When Lillian and I had the furniture back in place, you could hardly tell that my living room had doubled as a delivery room except for the pile of blankets and stack of unused towels that we hadn’t bothered to put away.
“Oh, Lillian,” I said, a sudden thought coming to me. “Were we supposed to boil water?”
“What for?”
“I don’t know. Maybe to wash our hands, but we didn’t do that either.”
“We do the best we can, ’cause that’s all we could do. No time for nothin’ else. What time you got, anyway?”
Looking at my watch, I said, “Almost five-thirty. You want to take a guess at when those babies were born? The birth certificates may ask for it.”
“I say ’bout a hour ago, don’t you?” Lillian stopped and gave the matter some thought. “Le’s us say the first one come ’bout four-thirty, an’ the other one, ’bout four-forty. That sound right to you?”

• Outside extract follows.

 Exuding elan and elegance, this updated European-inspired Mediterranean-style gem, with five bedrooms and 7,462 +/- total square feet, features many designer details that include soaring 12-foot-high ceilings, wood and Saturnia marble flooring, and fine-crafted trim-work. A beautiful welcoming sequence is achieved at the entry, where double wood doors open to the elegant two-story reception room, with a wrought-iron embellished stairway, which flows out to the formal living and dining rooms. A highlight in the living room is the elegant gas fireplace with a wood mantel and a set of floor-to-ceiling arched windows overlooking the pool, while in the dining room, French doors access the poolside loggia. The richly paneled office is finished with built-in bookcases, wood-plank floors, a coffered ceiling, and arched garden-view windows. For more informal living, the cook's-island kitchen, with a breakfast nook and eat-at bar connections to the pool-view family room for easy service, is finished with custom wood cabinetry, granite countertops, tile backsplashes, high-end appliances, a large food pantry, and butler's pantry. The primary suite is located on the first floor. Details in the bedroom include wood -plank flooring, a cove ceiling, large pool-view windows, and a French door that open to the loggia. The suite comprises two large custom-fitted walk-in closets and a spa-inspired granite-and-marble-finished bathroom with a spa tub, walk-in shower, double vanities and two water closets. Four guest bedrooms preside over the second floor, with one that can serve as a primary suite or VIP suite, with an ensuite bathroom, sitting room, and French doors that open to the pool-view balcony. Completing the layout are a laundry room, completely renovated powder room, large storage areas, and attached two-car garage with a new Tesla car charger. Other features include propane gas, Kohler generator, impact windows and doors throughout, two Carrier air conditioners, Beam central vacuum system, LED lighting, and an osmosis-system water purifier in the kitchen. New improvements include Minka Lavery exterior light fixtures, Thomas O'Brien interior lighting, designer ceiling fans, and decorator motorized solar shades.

“I think it was a little before that. What about the first one at four-twelve and the next one at four-twenty-two? That sounds more precise.”
“That’s fine with me, but you better be callin’ Mr. Pickens’fore it get too much later.”

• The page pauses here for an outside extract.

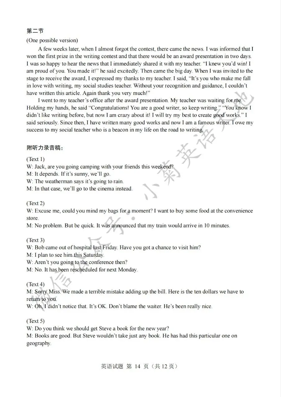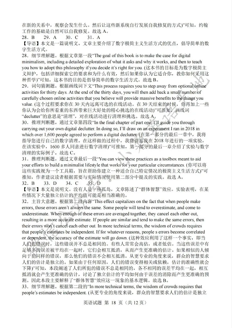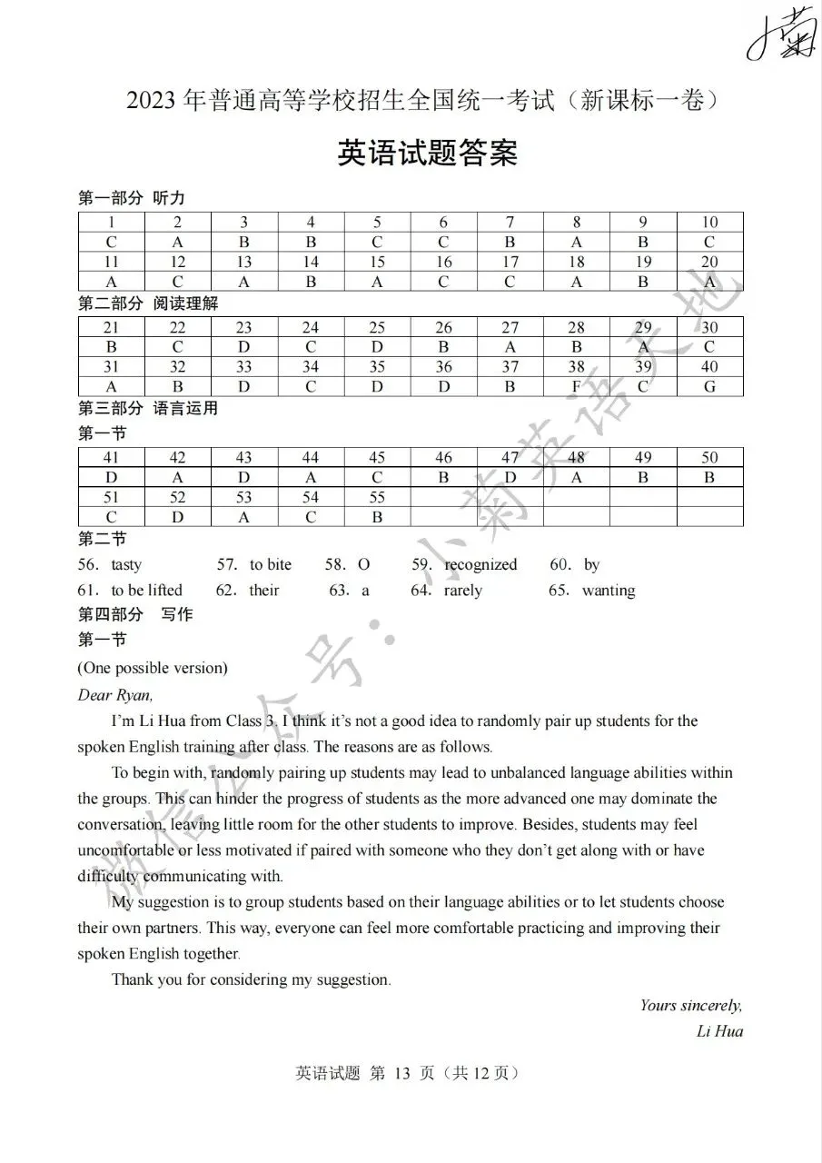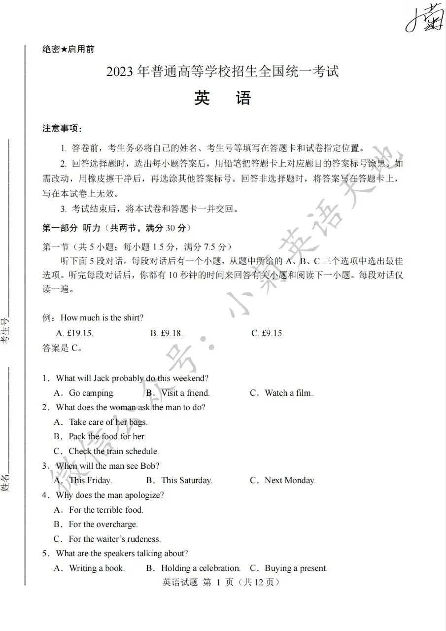 分享2023年高考新课标一卷英语试题(PDF重制版)(含答案解析+听力音频)

“Oh my, yes, but that means I’ve got to go into Hazel Marie’s cold room and look for her cell phone. And you need to get some clothes on too.”
Each taking a flashlight and braving the cold again, we went our separate ways. Going into Hazel Marie’s room, I swept the area with the flashlight beam and couldn’t see the cell phone anywhere. I knew I’d talked to the emergency dispatcher on it, but I couldn’t remember what I’d done with it after that. I might’ve still been searching if it hadn’t started ringing.